[Stored items]
..............................
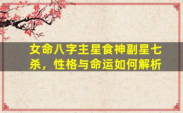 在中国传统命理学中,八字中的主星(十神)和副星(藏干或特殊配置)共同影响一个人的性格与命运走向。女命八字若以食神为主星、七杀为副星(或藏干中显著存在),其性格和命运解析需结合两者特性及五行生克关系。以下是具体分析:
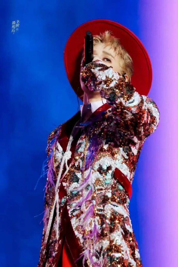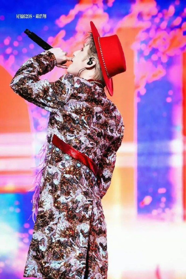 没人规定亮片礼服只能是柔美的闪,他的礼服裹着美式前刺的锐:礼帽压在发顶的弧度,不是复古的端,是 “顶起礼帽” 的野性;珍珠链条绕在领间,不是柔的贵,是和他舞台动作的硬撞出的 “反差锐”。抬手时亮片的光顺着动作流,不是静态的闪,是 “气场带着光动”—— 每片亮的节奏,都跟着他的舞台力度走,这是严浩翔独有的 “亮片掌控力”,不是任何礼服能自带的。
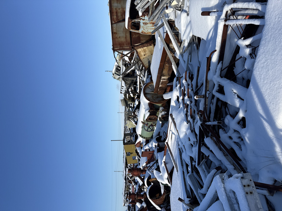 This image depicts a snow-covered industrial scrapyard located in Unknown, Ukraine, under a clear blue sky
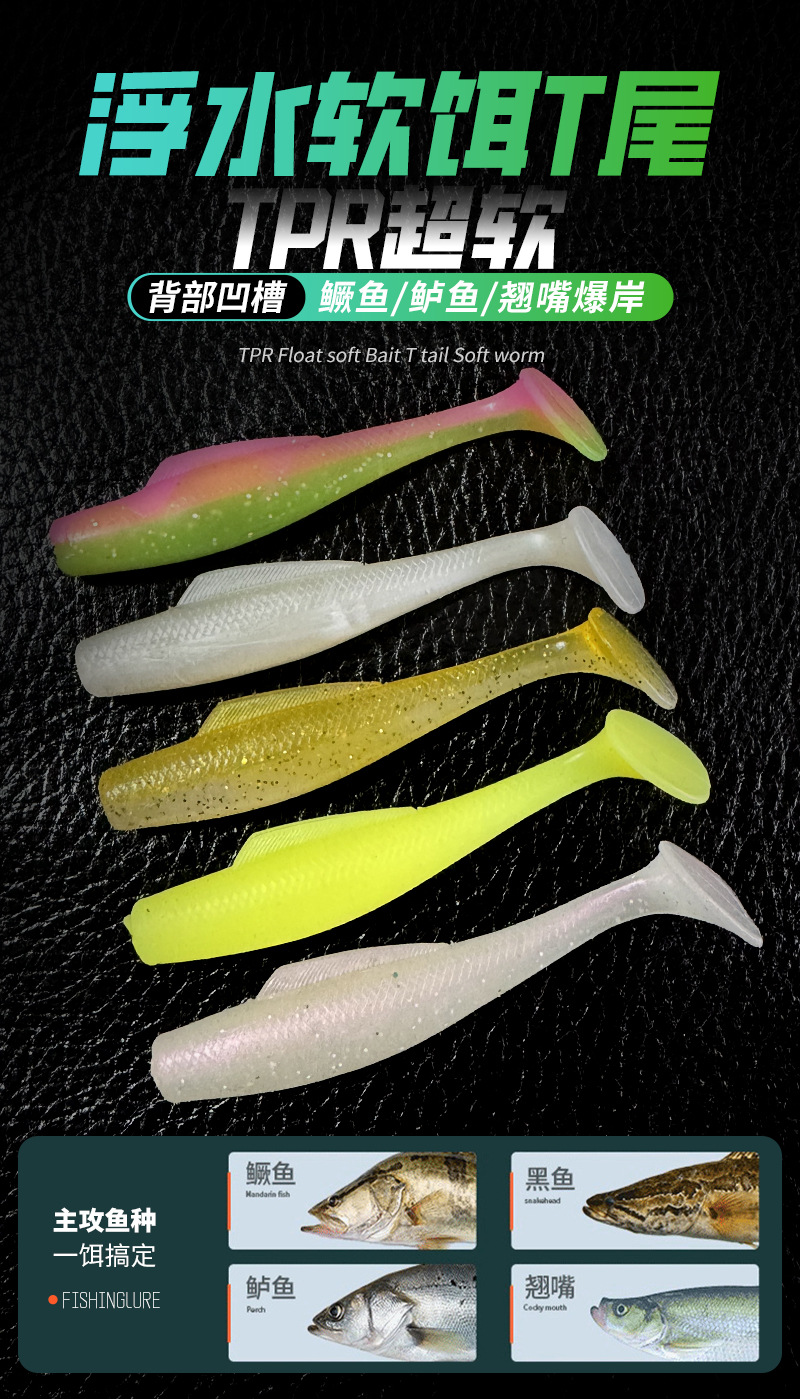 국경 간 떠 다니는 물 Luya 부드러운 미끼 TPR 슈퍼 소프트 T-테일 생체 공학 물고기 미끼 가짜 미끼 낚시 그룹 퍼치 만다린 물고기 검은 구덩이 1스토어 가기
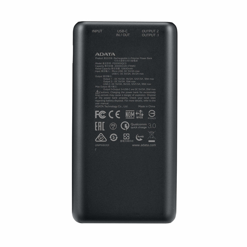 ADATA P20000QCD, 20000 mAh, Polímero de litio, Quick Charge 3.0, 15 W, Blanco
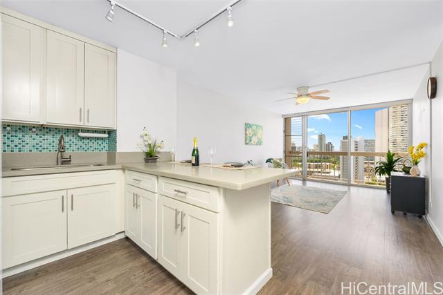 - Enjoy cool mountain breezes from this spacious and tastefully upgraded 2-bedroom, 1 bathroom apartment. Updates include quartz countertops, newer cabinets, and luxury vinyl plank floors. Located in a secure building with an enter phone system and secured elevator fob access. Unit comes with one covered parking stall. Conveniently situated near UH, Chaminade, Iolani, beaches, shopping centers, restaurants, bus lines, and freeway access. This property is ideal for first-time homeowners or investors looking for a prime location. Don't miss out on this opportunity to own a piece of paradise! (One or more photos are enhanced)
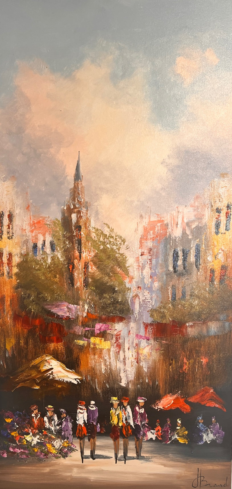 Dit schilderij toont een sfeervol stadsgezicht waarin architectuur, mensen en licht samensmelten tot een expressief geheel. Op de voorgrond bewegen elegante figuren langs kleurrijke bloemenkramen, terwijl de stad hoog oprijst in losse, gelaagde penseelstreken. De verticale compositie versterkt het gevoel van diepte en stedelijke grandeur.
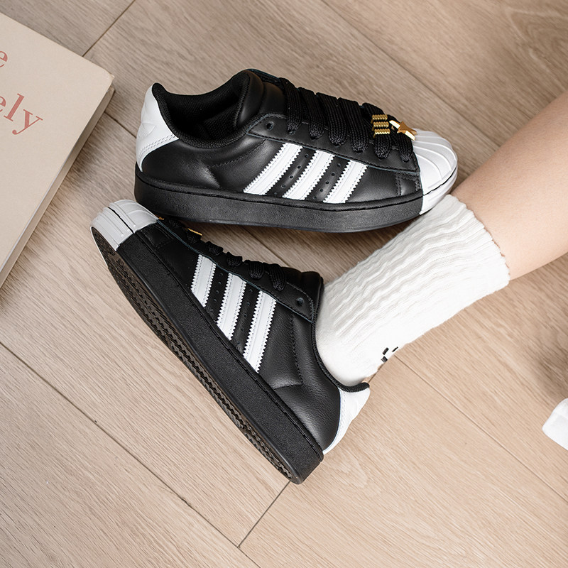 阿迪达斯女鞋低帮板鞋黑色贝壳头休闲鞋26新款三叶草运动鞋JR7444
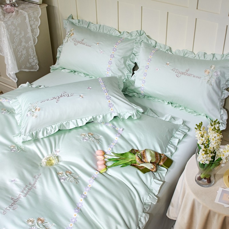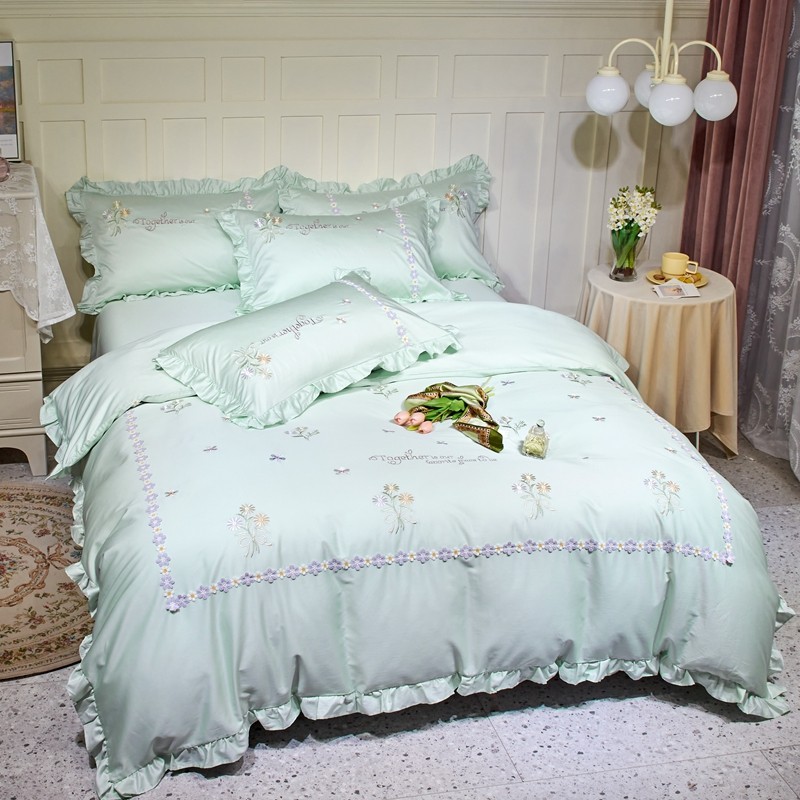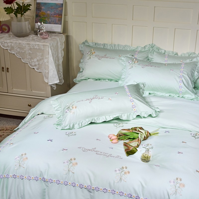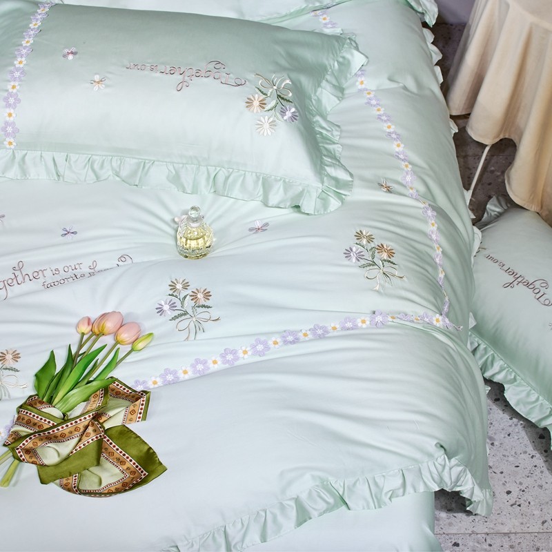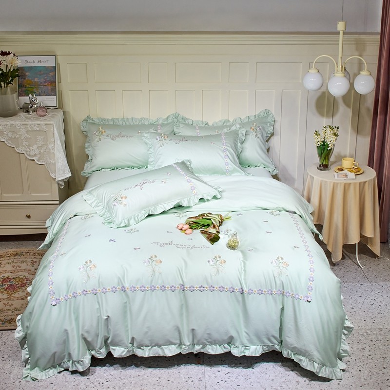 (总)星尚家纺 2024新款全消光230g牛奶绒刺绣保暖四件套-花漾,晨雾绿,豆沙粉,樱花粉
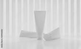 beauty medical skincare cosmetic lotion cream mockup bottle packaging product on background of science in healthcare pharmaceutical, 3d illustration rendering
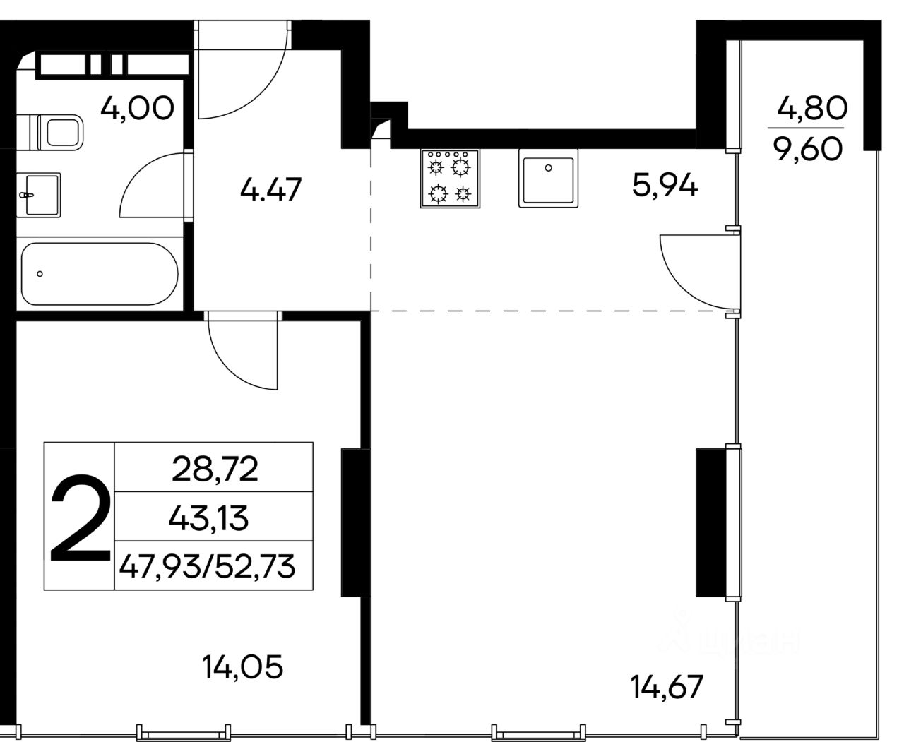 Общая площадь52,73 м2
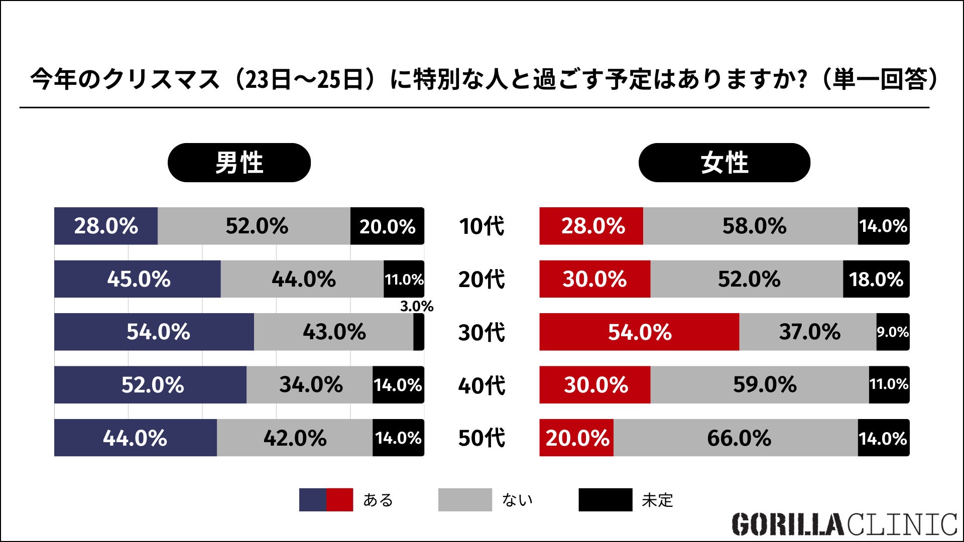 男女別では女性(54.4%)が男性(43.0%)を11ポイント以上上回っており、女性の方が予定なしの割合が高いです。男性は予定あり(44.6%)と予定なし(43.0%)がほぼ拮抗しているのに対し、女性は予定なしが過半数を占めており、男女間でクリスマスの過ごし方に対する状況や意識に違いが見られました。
..............................
Task brief:
What the answer must hold is the exact text of every line from the one containing "(总)星尚家纺 2024新款" through the end of the data, minus any pictures.

Solution to this problem:
 (总)星尚家纺 2024新款全消光230g牛奶绒刺绣保暖四件套-花漾,晨雾绿,豆沙粉,樱花粉
 beauty medical skincare cosmetic lotion cream mockup bottle packaging product on background of science in healthcare pharmaceutical, 3d illustration rendering
 Общая площадь52,73 м2
 男女別では女性(54.4%)が男性(43.0%)を11ポイント以上上回っており、女性の方が予定なしの割合が高いです。男性は予定あり(44.6%)と予定なし(43.0%)がほぼ拮抗しているのに対し、女性は予定なしが過半数を占めており、男女間でクリスマスの過ごし方に対する状況や意識に違いが見られました。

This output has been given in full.